Model summary vector memory limit reached

I’ve been using brms to run a multivariate model. It’s a complex model with a large dataset (c.80k respondents with repeated observations and nested and crossed factors and four separate predicted variables). It takes a long time to run but it gets there eventually. Last year (2020) I ran this model with an earlier version of cmdstan and brms and the model worked and I was able to view the model using the summary command. I have re-run it this year with the latest version of packages installed in R (brms with cmdstan backend) and the modelling completes but this time I run into a vector memory limit error when trying to get a summary of the model (see below). I’m not sure why. The model is the same, so I suspect that there has been a change to the way the summary command operates? Does anyone have any similar experience or advice? Is there anyway to limit what summary is trying to do?

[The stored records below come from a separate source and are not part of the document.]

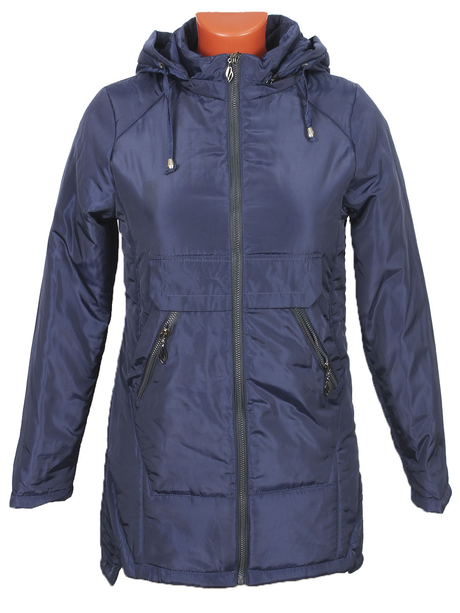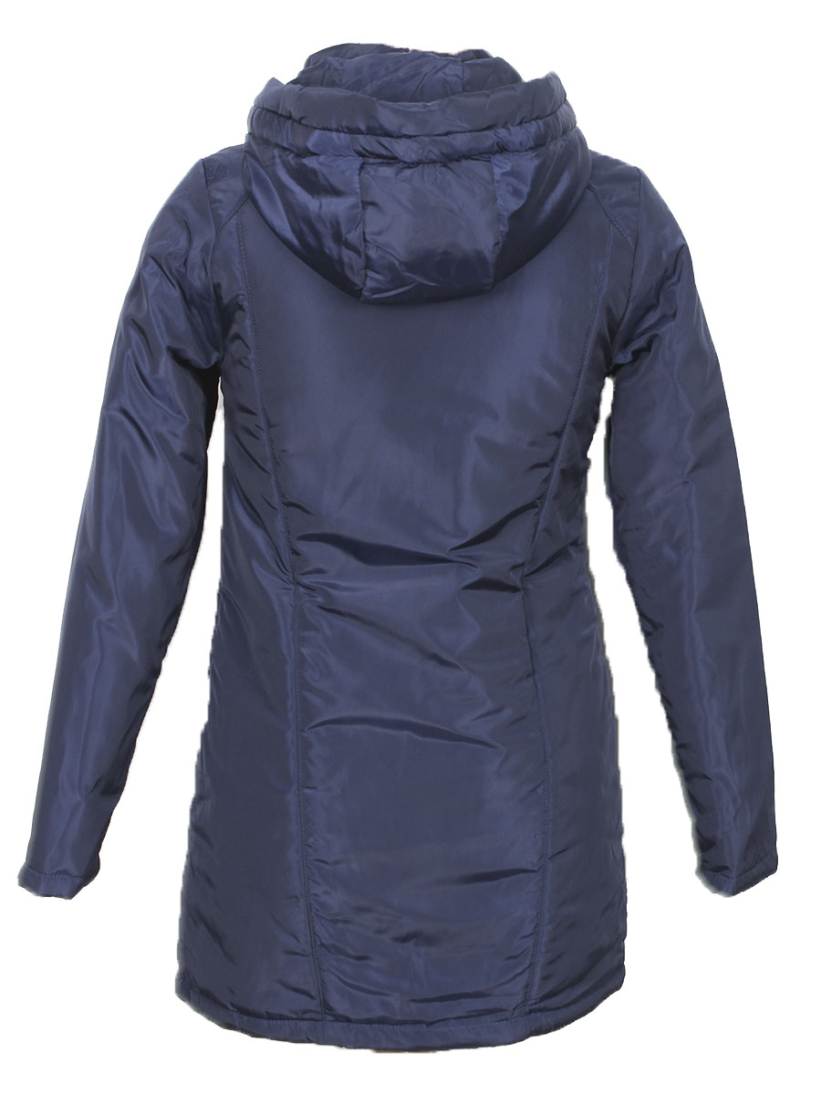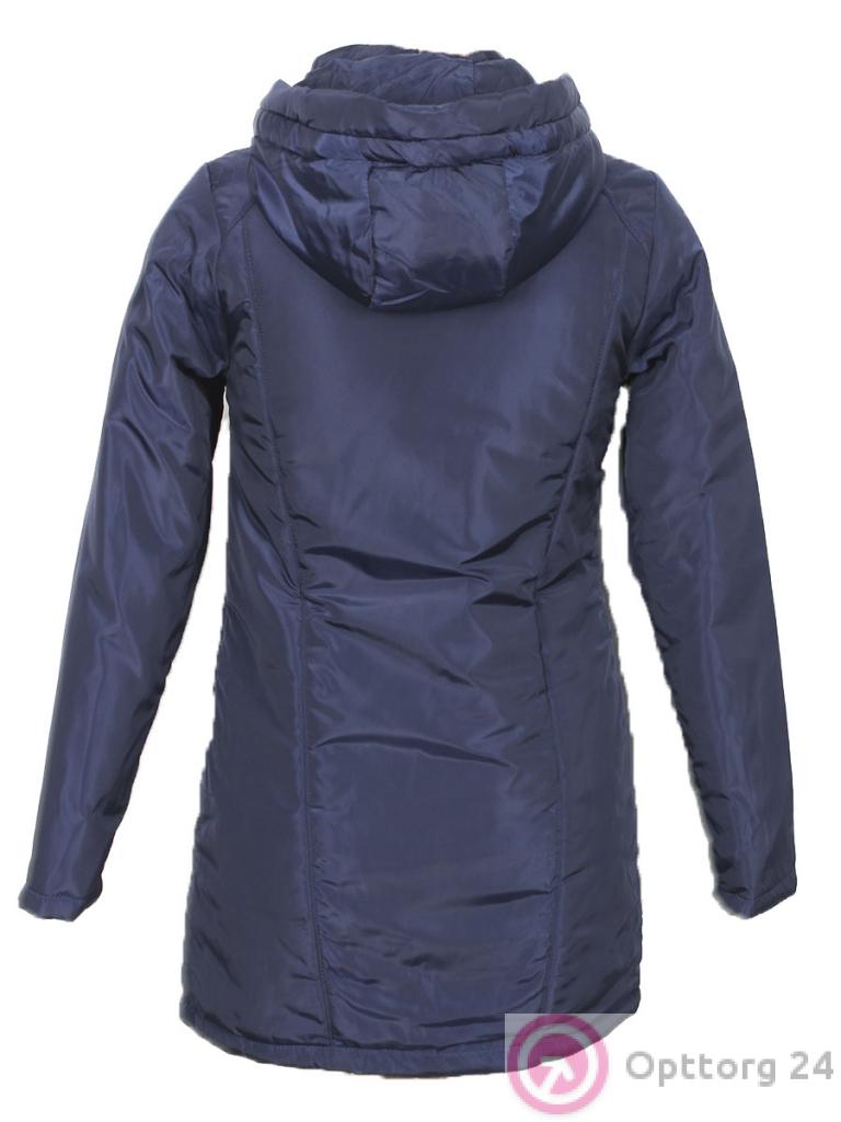 Женская удлинённая куртка темно-синего цвета с капюшоном.
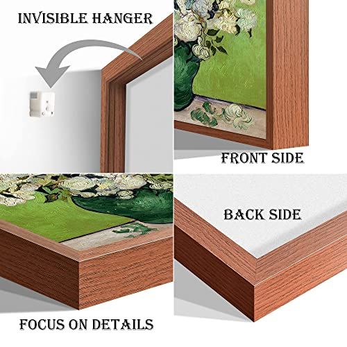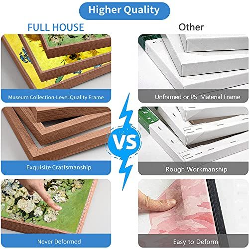 The product ALAYRA FULL HOUSE Framed Canvas Wall Art of Van Gogh Oil Paintings - Roses & Sunflowers & Irises - Impressionism Aesthetic Canvas Prints Wall Paintings for Living Room Bedroom Office Home, 3 Panels images have props used for illustrative purposes. Product Color may vary slightly due to photographic lighting or your screen settings.
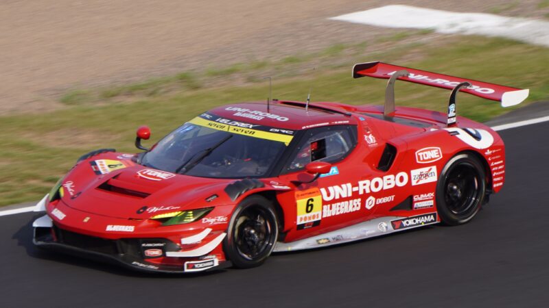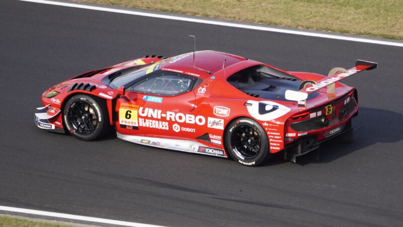 6号車 UNI-ROBO BLUEGRASS FERRARI/フェラーリ296 GT3 片山義章/ロベルト・メリ・ムンタン SW 57kg 1’57.708 バックミラーが小さく「がんばるぞ」ってしてるみたい
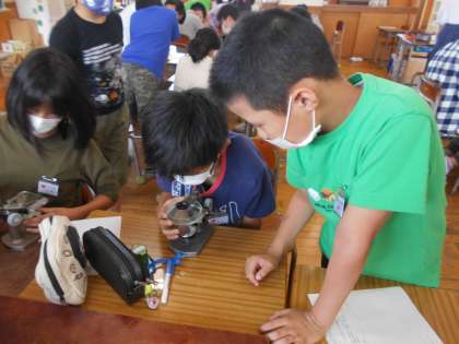解剖顕微鏡を使って、メダカの卵の観察を行いました。「目がある!」「なにか動いてる!」など、思い思いの言葉を発しながら興味津々で観察していました。

I guess I could reduce the model object matrix through some sort of post modelling thinning, but not sure how to set this up - would appreciate also any insights into how to do this prior to summary(mod) etc.

> summary(mod)
Error in paste(calltext, collapse = " ") : 
  result would exceed 2^31-1 bytes
Error in paste(deparse(object, width.cutoff = 500L), collapse = " ") : 
  result would exceed 2^31-1 bytes
Error in paste(deparse(object, width.cutoff = 500L), collapse = " ") : 
  result would exceed 2^31-1 bytes
Error in paste(deparse(object, width.cutoff = 500L), collapse = " ") : 
  result would exceed 2^31-1 bytes
Error in paste(calltext, collapse = " ") : 
  result would exceed 2^31-1 bytes
Error in paste(calltext, collapse = " ") : 
  result would exceed 2^31-1 bytes
Error in paste(deparse(object, width.cutoff = 500L), collapse = " ") : 
  result would exceed 2^31-1 bytes

Operating System: Ubuntu
brms Version: 2020 model: 2.13/2.14; Latest model: 2.16

2 Likes

I am not aware of any specific changes that could cause this (@paul.buerkner would be the person to ask). However, you may want to try to use the posterior package - it should let you convert the brms fit to a draws_array object, where you can easily subset parameters and perform summaries. You’ll loose a tiny bit of brms functionality and convenience, but hopefully you’ll be able to bypass the issue.

Alternatively, you may access the $fit object and use rstan::summary (where you can also subset parameters prior to summarising).

Hope that works out for you!

This may very well be because posterior::summarize_draws is not as memory efficient as we may want it to be. Would you mind opening an issue on GitHub - stan-dev/posterior: The posterior R package about this?